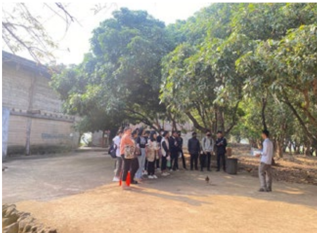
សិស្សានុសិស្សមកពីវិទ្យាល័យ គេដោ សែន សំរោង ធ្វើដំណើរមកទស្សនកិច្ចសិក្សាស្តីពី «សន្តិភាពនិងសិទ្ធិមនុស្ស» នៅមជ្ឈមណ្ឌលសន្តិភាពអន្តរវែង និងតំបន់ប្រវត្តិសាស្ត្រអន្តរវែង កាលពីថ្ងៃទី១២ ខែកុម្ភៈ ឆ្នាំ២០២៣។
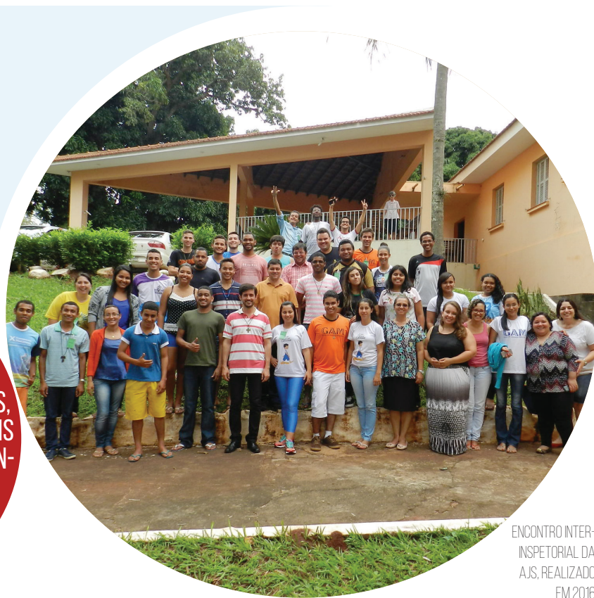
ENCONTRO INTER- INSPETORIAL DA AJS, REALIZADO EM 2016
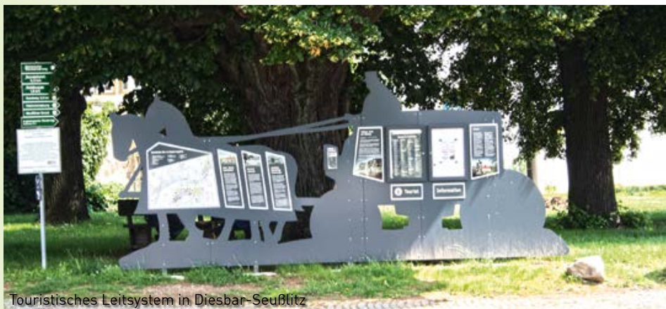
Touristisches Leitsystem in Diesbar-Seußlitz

--

__Problem details__
Please give the material above again in full, with no pictures in your version.

__Task answer__
សិស្សានុសិស្សមកពីវិទ្យាល័យ គេដោ សែន សំរោង ធ្វើដំណើរមកទស្សនកិច្ចសិក្សាស្តីពី «សន្តិភាពនិងសិទ្ធិមនុស្ស» នៅមជ្ឈមណ្ឌលសន្តិភាពអន្តរវែង និងតំបន់ប្រវត្តិសាស្ត្រអន្តរវែង កាលពីថ្ងៃទី១២ ខែកុម្ភៈ ឆ្នាំ២០២៣។
ENCONTRO INTER- INSPETORIAL DA AJS, REALIZADO EM 2016
Touristisches Leitsystem in Diesbar-Seußlitz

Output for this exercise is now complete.